I thought about his constant traveling. I had every intention of telling him that would have to change—and that conversation was one I would not allow him to dance around. The pain of my father’s inability to talk about my mother’s absence was still fresh, even after all these years. Instead of trying to fill the hole she left, he created another one by making himself scarce. Matt might not realize it yet, but that wasn’t going to be an option for him. Cecily didn’t have an older sister to care for her. And she deserved better.
“Penny.” Sonia’s hand was on my shoulder, and I realized that people were looking at me. Matt had finished speaking. It was my turn to go up.
“Thanks,” I mumbled. I stood. I pulled down my skirt, which had hitched up around my hips. Then I walked to the front of the room. When I reached the lectern, I gulped and looked at the note card I was holding.
I had spent the past few days agonizing over what to say. How could I accurately portray my friend’s life when I was not allowed to concede the circumstances of her death? Every passing was a tragedy. But Jenny’s had shone a spotlight on the many things I thought I knew—and how very wrong I had been.
Borrowed wisdom seemed like a smart way to avoid flat-out lying or saying something inappropriate, but a Google search for “best funeral poems” left me wanting to scratch my inner ear with an ice pick. The titles alone were so clichéd that they verged on parody:
Gone but not forgotten.
We never said goodbye.
If you do one thing, remember me.
A life well lived.
Well, that last one had given me pause. Not the poem itself, which was a mélange of rhyming melodrama. But the idea had applied to Jenny . . . hadn’t it? She enjoyed writing and beautiful things, and she had combined the two to create an incredibly successful career. While her marriage had turned out to be a myth, she adored Cecily and had a circle of friends and family who adored her.

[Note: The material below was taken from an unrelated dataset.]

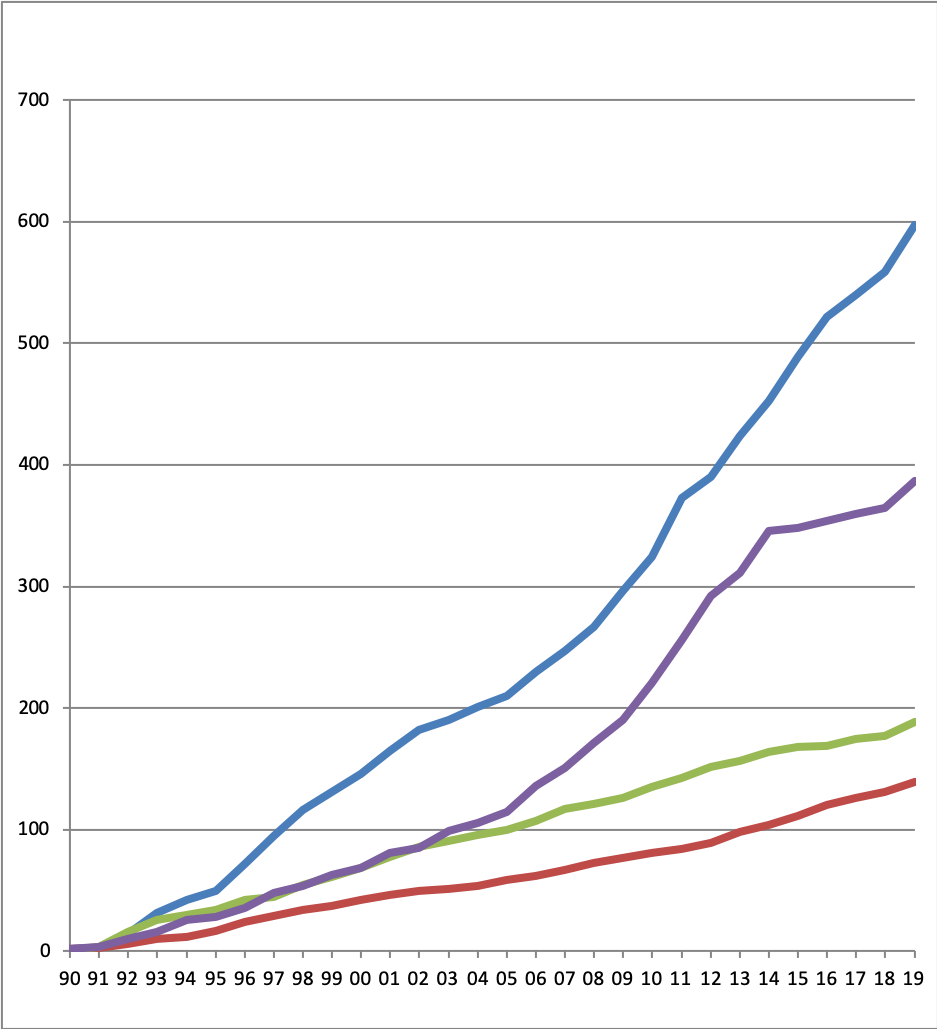 The RED line shows the number of unique stories sold by year (I haven't included sales of reprints, audio productions, or donated stories.) The cumulative number of unique sales is now 140 ( one in 2020). I seem to sell 23.3% of my drafts, which is almost a third of submissions. On the other hand this indicates that I sell about 73% of everything I manage to complete (and submit.)

I ultimately decided I did not believe that Jenny’s problems had canceled out every good thing in her life or her ability to enjoy them. And so, while I would not recite the actual poem, I would steal its sentiment.
Except standing in front of more than a hundred people, many of them strangers who would stay that way, what I had written no longer seemed right at all. I could feel my underarms growing damp as my eyes darted back and forth over my note card. All I could see was what I had left out.